Она положила голову на его грудь. Коснулась ее губами:

— Спасибо за все, Андрюша. Как я могла жить без тебя…

— Как-то жила, верно? — сказал он. — Расскажи о себе. Хоть немного.

— Что толку жаловаться на прошлое? Оно прошло, мы остались…

— Но каждый жил по-разному. Я работал. Руки и нос постоянно в нефти. Работа меня затягивала всего, целиком. Ложился с одной мыслью — с чего начну новый день.

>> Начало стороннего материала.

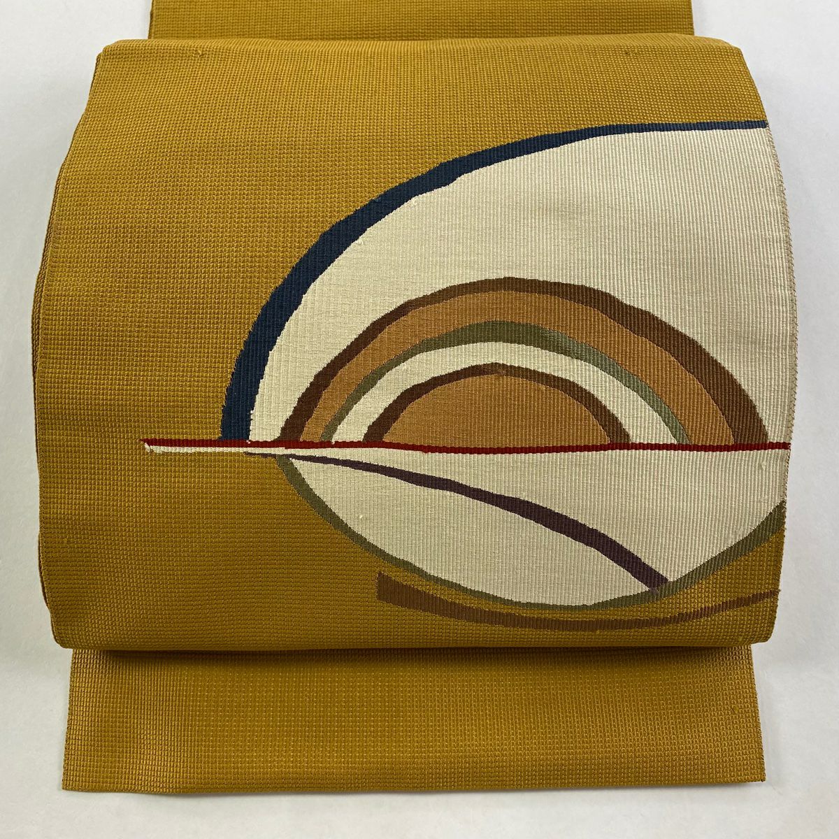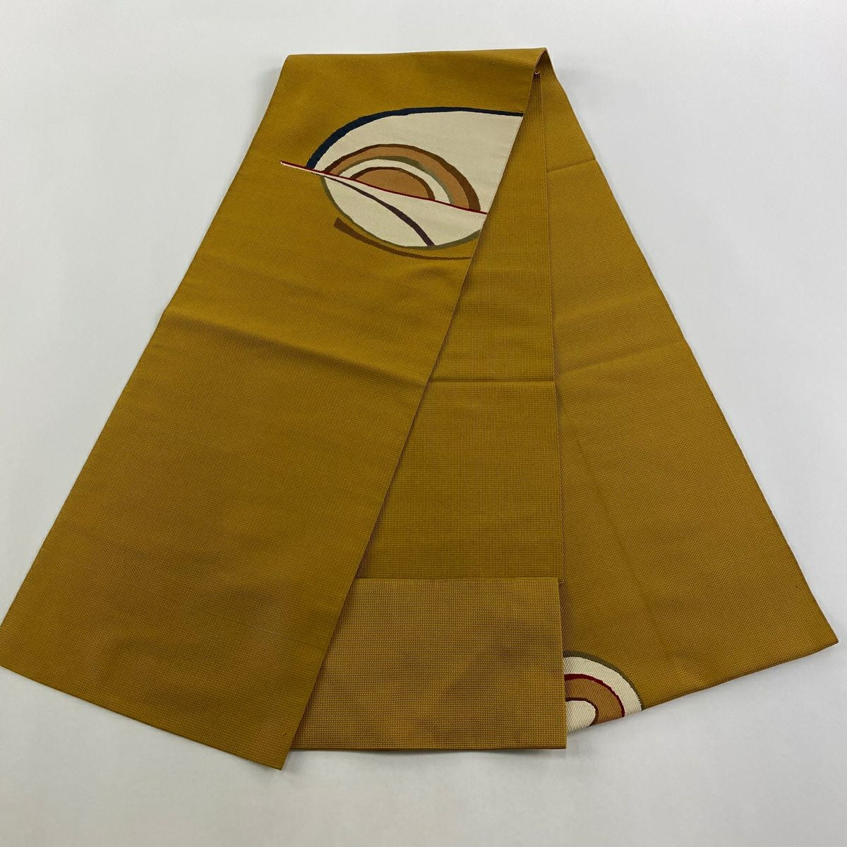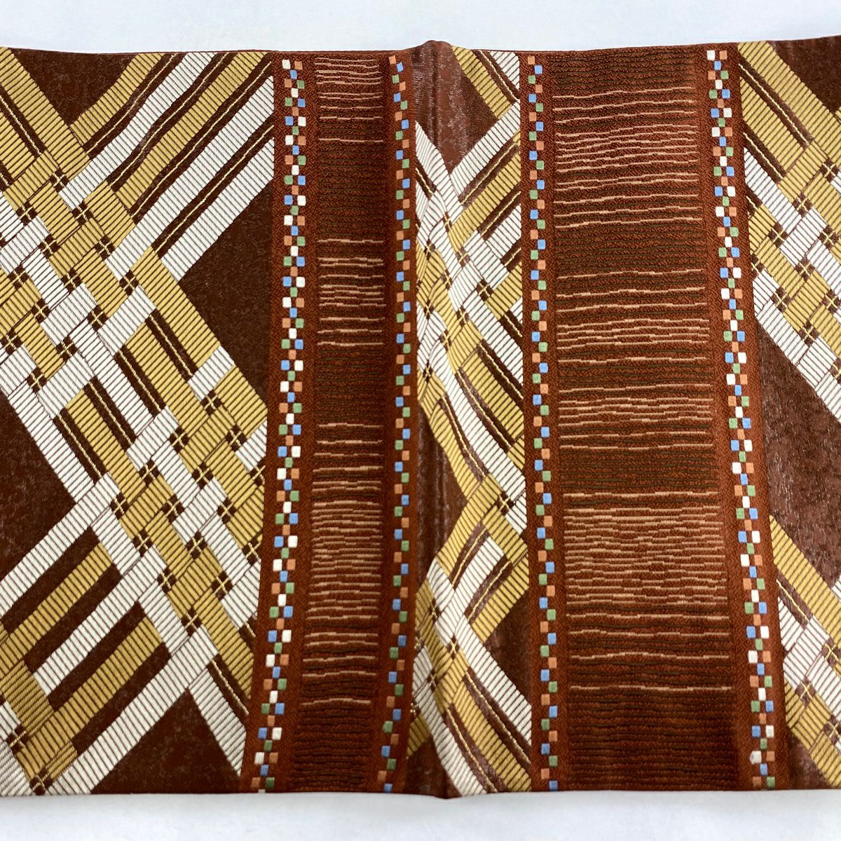 【在庫一掃】 名古屋帯 秀品 八寸名古屋帯 松葉仕立て 幾何学模様 黄土色 正絹

— У нас здесь все было хуже. Мы не жили, мы выживали. Точно так же, как и сейчас пытаемся выжить в благословенной узбекской демократии. Нищета и бесправие, которые лицемеры назвали периодом застоя, на самом деле были мертвой зыбью. Она затягивала нас в пучину все глубже и глубже, лишала света, душила и умерщвляла. Сознание людей было занято поисками ответов на самый острый вопрос. Кто виноват? А если ты чем-то в жизни не удовлетворен, то ответ на вопрос, кто виноват, находится просто: виноват тот, у кого нос иной формы, чем у тебя, или глаза иного цвета. Говорят по такому принципу виноваты во всем евреи. Но это по большей части там, в России. Здесь во всем виноватыми считали русских. То, что они привезли сюда электричество, железные дороги, медицину — в расчет не бралось. Общество «Адолат» — «Справедливость» — сплачивало узбеков тем, что указывало им врагов. Знаешь, если на базаре кто-то говорил «мурун» — нос, или «кок коз» — голубые глаза, значит, речь шла о русском. Предельно просто, верно? Мы научились ходить, опустив глаза и голову. Общество «Ислом лашкарлари» — «Воины ислама» собирали силы, чтобы бить иноверцев. «Хизби ут-Тахрир» — «Партия освобождения» взяла на себя руководство исламистским движением… Мой дед был инженер и проектировал Большой Ферганский канал. Мой отец был врачом. Брат — Роман — женился на еврейке. Когда здесь стало невозможно жить, они уехали в Израиль. И теперь они там. У них родился сын…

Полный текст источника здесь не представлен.